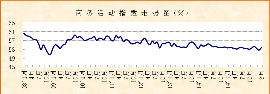 中國物流與采購聯合會、國家統計局服務業調查中心發布的2016年3月份中國非制造業活動有所回升。商務活動指數環比上升1.1個百分點,達到53.8%。主要指數中,新訂單指數和銷售價格指數均有回升,新訂單指數升幅更為明顯,意味著經濟潛在增長動力有所增強,市場基本面保持向好發展態勢。
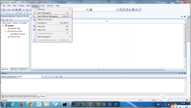 (2)也可以再VS的工具栏里:Debug --> Start Debuggion/Start Without Debuggion 或者(F5/Ctrl+F5)
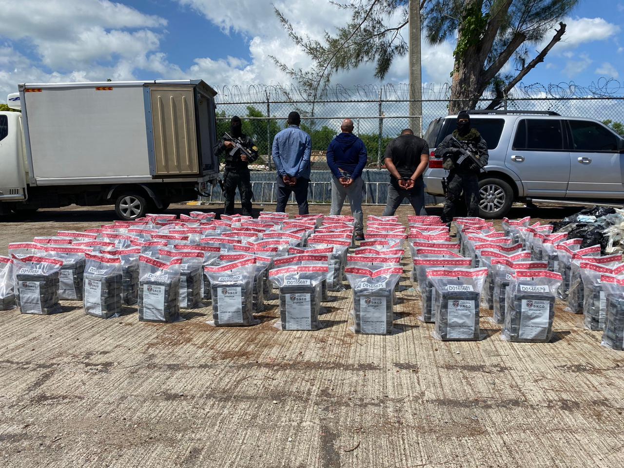 Al abordar la lancha se arrestaron a tres hombres (dos colombianos y un dominicano) y se incautaron 20 pacas conteniendo los 590 paquetes de una sustancia que presumimos es cocaína.

* * *

The problem: All of the data should be returned word for word, with each picture left out.

Exercise result:
 中國物流與采購聯合會、國家統計局服務業調查中心發布的2016年3月份中國非制造業活動有所回升。商務活動指數環比上升1.1個百分點,達到53.8%。主要指數中,新訂單指數和銷售價格指數均有回升,新訂單指數升幅更為明顯,意味著經濟潛在增長動力有所增強,市場基本面保持向好發展態勢。
 (2)也可以再VS的工具栏里:Debug --> Start Debuggion/Start Without Debuggion 或者(F5/Ctrl+F5)
 Al abordar la lancha se arrestaron a tres hombres (dos colombianos y un dominicano) y se incautaron 20 pacas conteniendo los 590 paquetes de una sustancia que presumimos es cocaína.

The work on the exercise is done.